El capitalismo, sistema donde la mayoría de la inversión y la producción —en manos privadas y orientadas a la ganancia— descansan en la libre contratación de fuerza de trabajo y el intercambio descentralizado de bienes y servicios, forma hoy el paisaje económico global. Sin precedentes históricos, los objetivos individuales y sistémicos se alinean, reduciendo las barreras sociales —de clase, etnia, género y creencias— mediante comportamientos y reglas ligados al éxito personal, a la realización en el mercado. Por primera vez, se configura —en el hemisferio Norte— una clase media global, cuyos ingresos tienden a igualarse. Pero la homogeneización tiene límites. Pues ese capitalismo mundializado se divide hoy en dos modalidades principales, analizadas por Branko Milanovic: la liberal meritocrática —encabezada por EU— y la autoritaria política —representada por China—.1 Y ambas disputan la hegemonía planetaria.
El capitalismo liberal meritocrático, en el último siglo, ha impulsado la innovación, la competencia abierta y la movilidad social; bajo un Estado de Derecho que constriñe los desenfrenos de sus élites políticas y económicas. Al demandar la consulta amplia y sistemática de sus ciudadanos, este modelo puede corregir más fácilmente decisiones que afecten su calidad de vida; sean éstas derivadas de la acción de los mercados o la política pública. Lo que, en las últimas décadas, no ha impedido la mayor concentración de la riqueza y la fusión y reproducción de élites de todo tipo, configurando cierta oligarquización del sistema.

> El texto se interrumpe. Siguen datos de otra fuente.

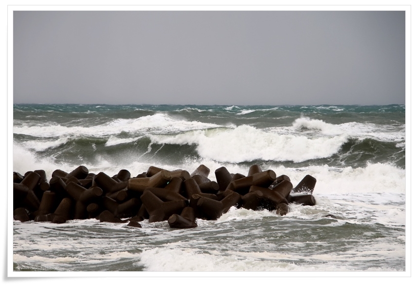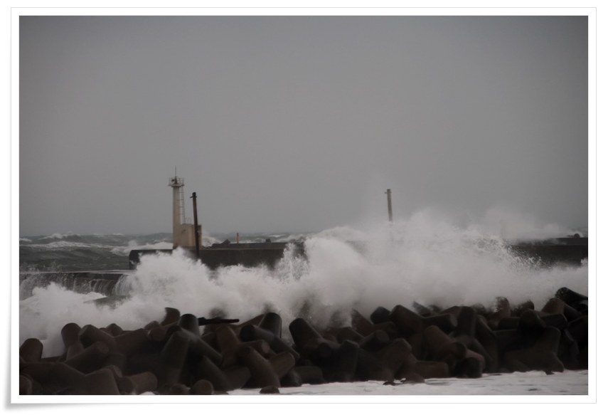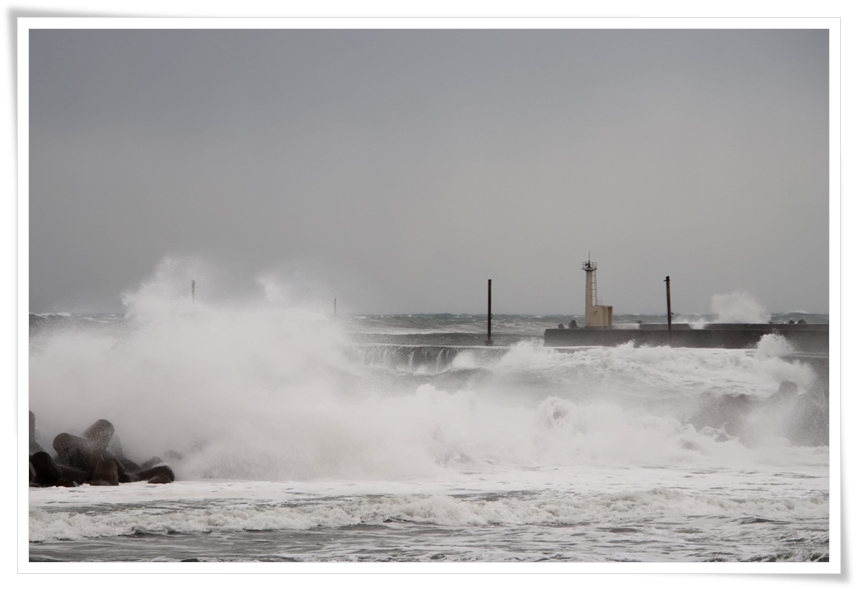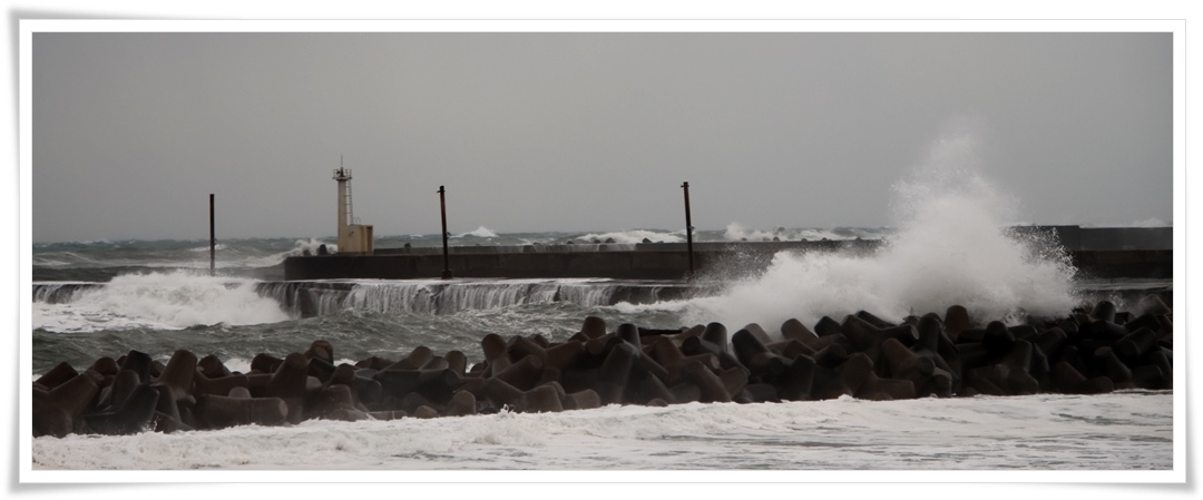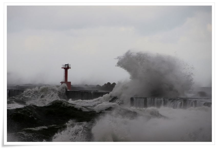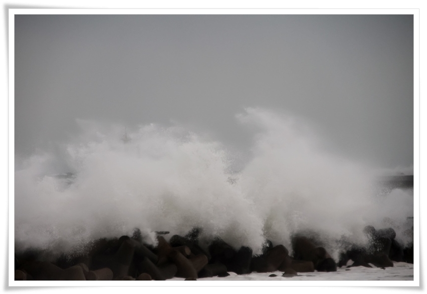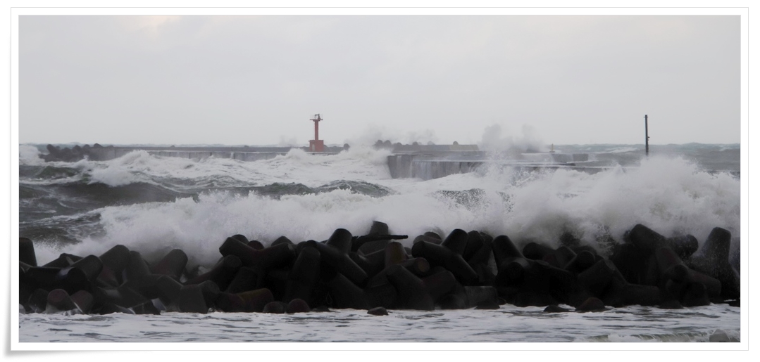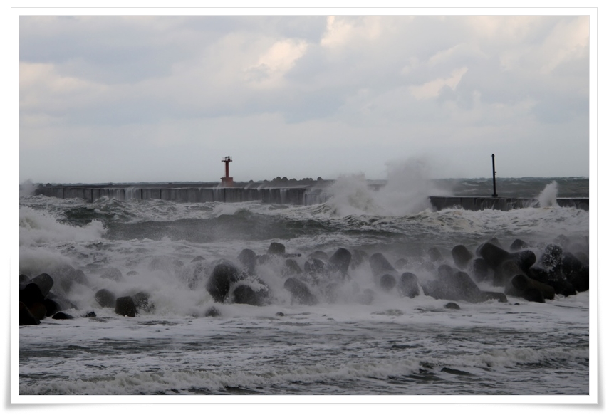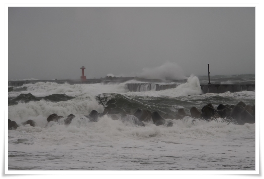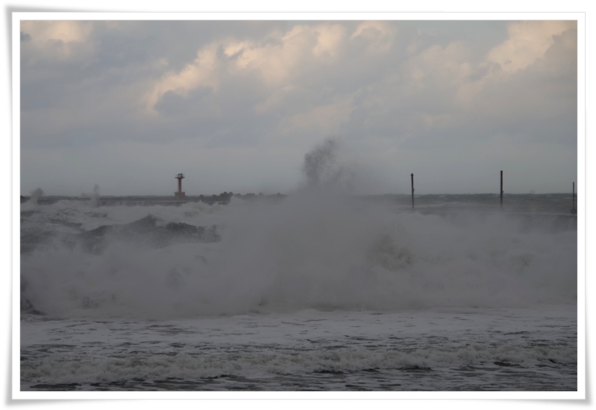 防波堤の上の電柱や灯台は波で見えなくなっています
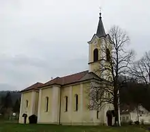 The local parish church is dedicated to Saint Vitus and belongs to the Roman Catholic Archdiocese of Ljubljana. It was built between 1882 and 1884.[7]
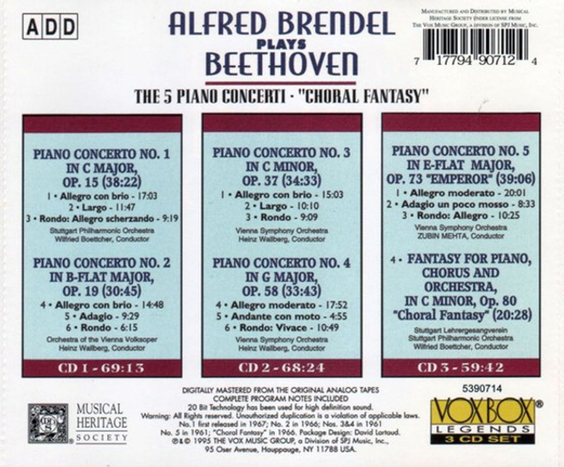 Boettcher, Wilfried / Brendel, Alfred / Mehta, Zubin / Stuttgart Lehrergesangverein / Stuttgart Philharmonic Orchestra / Orchester der Wiener Volksoper / Wallberg, Heinz / Wiener Symphoniker
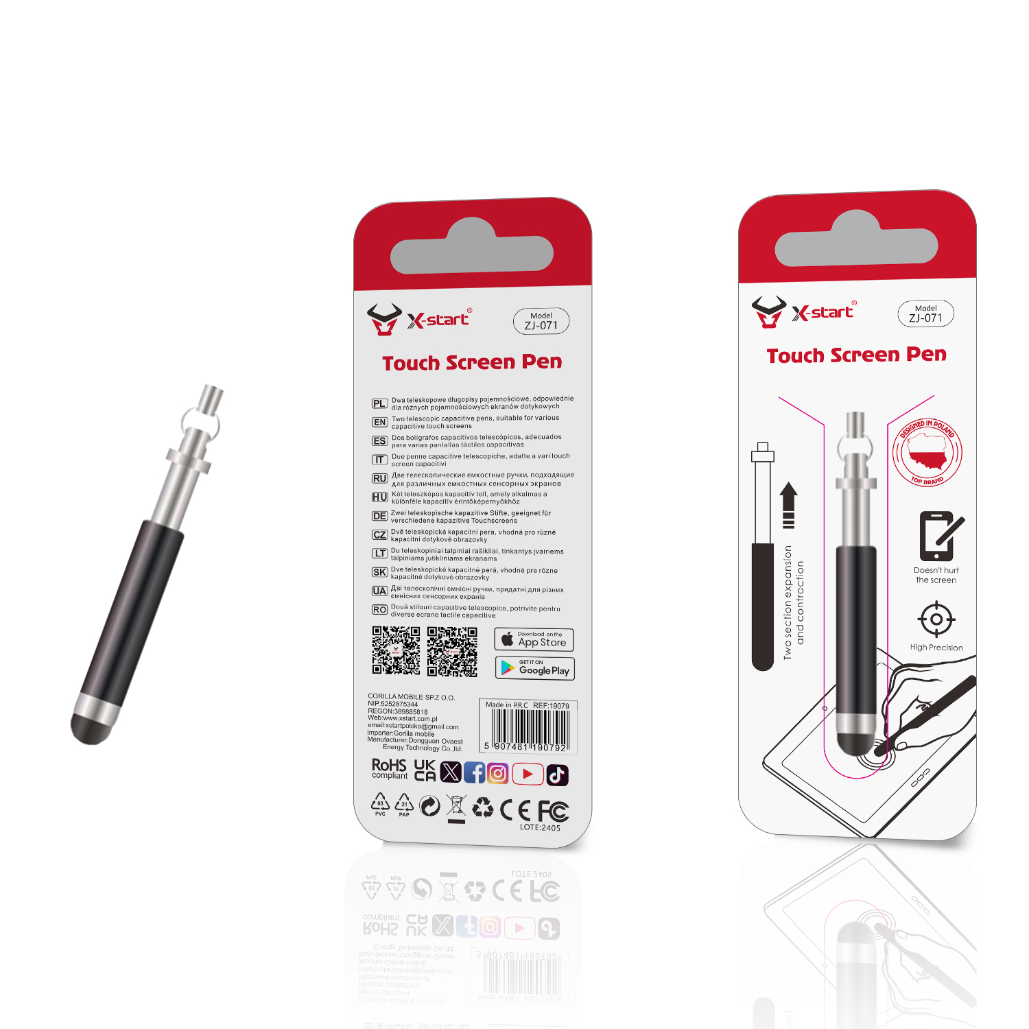ZJ071 黑色多功能 触摸屏笔带橡胶头用于触控控制,可伸缩长度 9.5cm
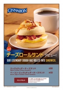 ふわっふわっもちもちのバンズと、とろっとした半熟卵とチーズの相性は抜群。シナボンでしか味わえない、できたてホカホカのユニ ークなサンドを、朝食や、ランチ、軽食にぜ ひご利用ください!
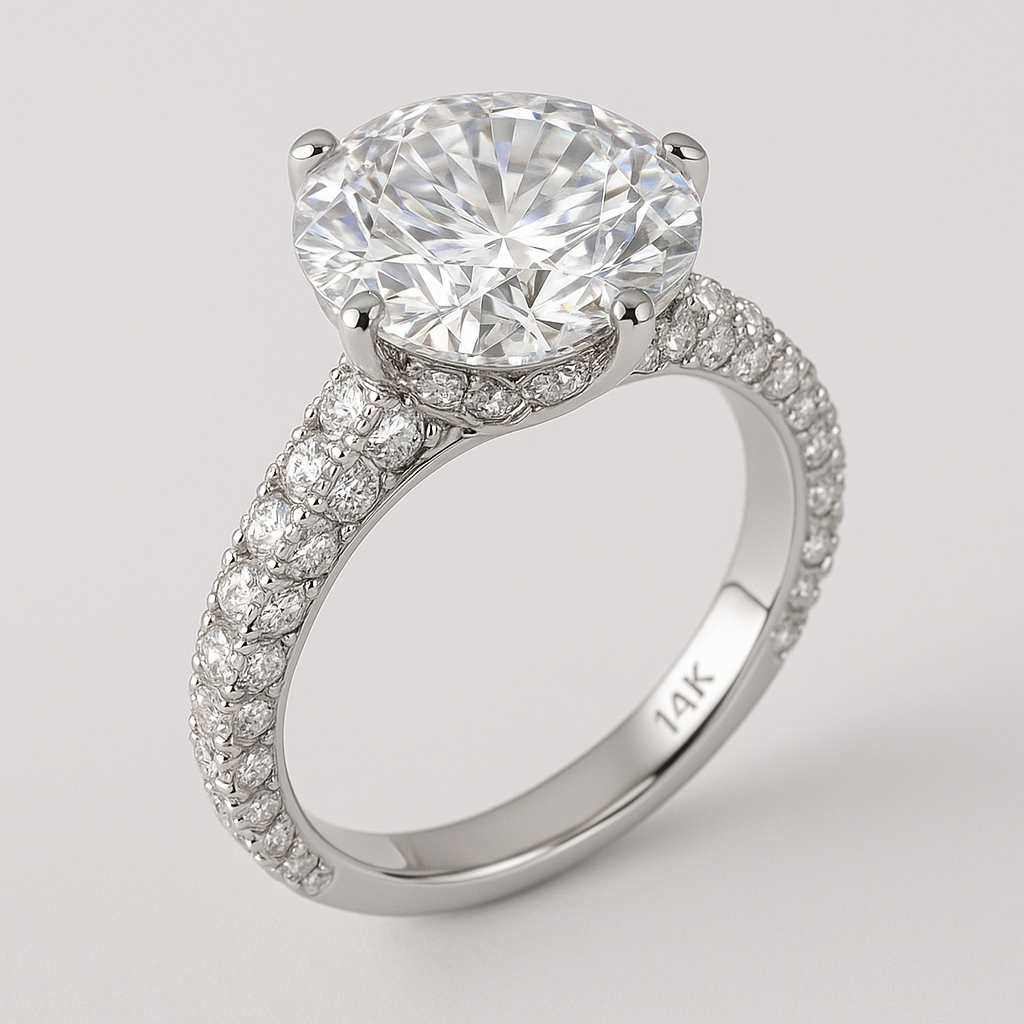 5 ct round lab diamond with 14k white gold solitaire band Engagement Ring with little diamonds on the sides
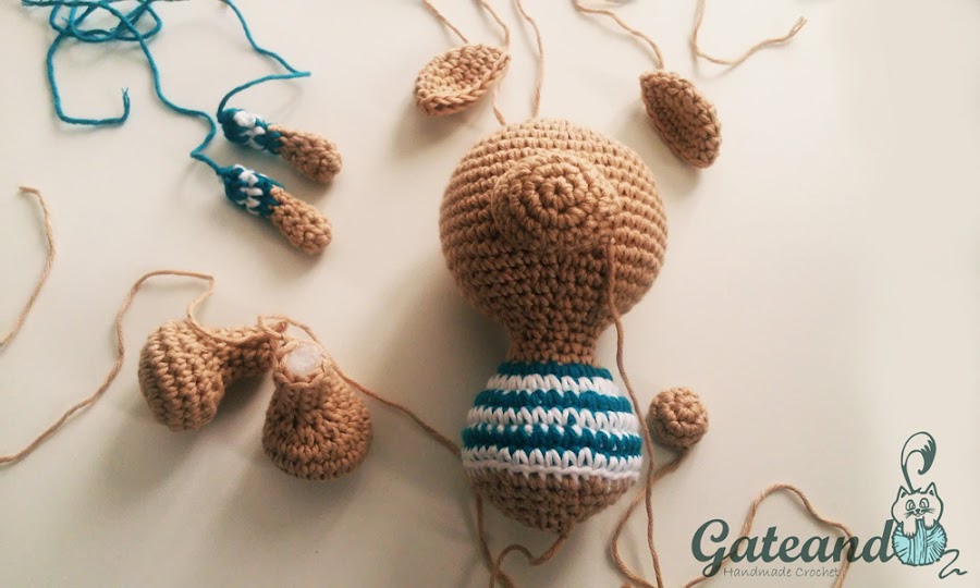 Cerrar con p.r., rellenar y dejar hebra larga para coser al cuerpo.

Para el capitalismo liberal, la dependencia permanente de una sólida institucionalidad, participación y legalidad democráticas, es un handicap en estos tiempos de crisis y desafección.
El capitalismo político, resultado de seis décadas de procesos descolonizadores timoneados por regímenes de partido único o hegemónico, campea en la periferia del sistema mundo. La burocracia y tecnocracia estatales —aliados a una burguesía dependiente— persiguen allí un rápido desarrollo, en ausencia de un auténtico Estado de Derecho. Sus élites, liberadas del control público y la limitación de mandato, pueden —si operan eficazmente— rebasar las barreras del proceso democrático, para la provisión expedita de infraestructura y bienes de consumo. Pero sus niveles crecientes de corrupción y desigualdad, unidos a la necesidad de sostener un crecimiento económico —compensatorio de la restricción de libertades— es su talón de Aquiles. Las protestas recientes en Hong Kong, Rusia y Argelia, dan prueba de que el éxito del modelo no está garantizado.
Sin embargo, más allá de las diferencias, la arista plutocrática del capitalismo liberal favorece tendencias desdemocratizantes, de la mano de la concentración elitista de poder económico, influencia política y gestión tecnocrática. En todo el Occidente —EU, Europa y Latinoamérica— el desencanto de jóvenes y trabajadores con la democracia —en áreas como la representación política y el acceso a la justicia— y la exclusión socioeconómica, refuerza los populismos nativos y la seducción del capitalismo autoritario. Combinar la mejor experiencia histórica —de matriz socialdemócrata— con la innovación en política económica y social —hacia un modelo más inclusivo y sostenible de capitalismo— es un reto planteado ante las fuerzas liberales y progresistas.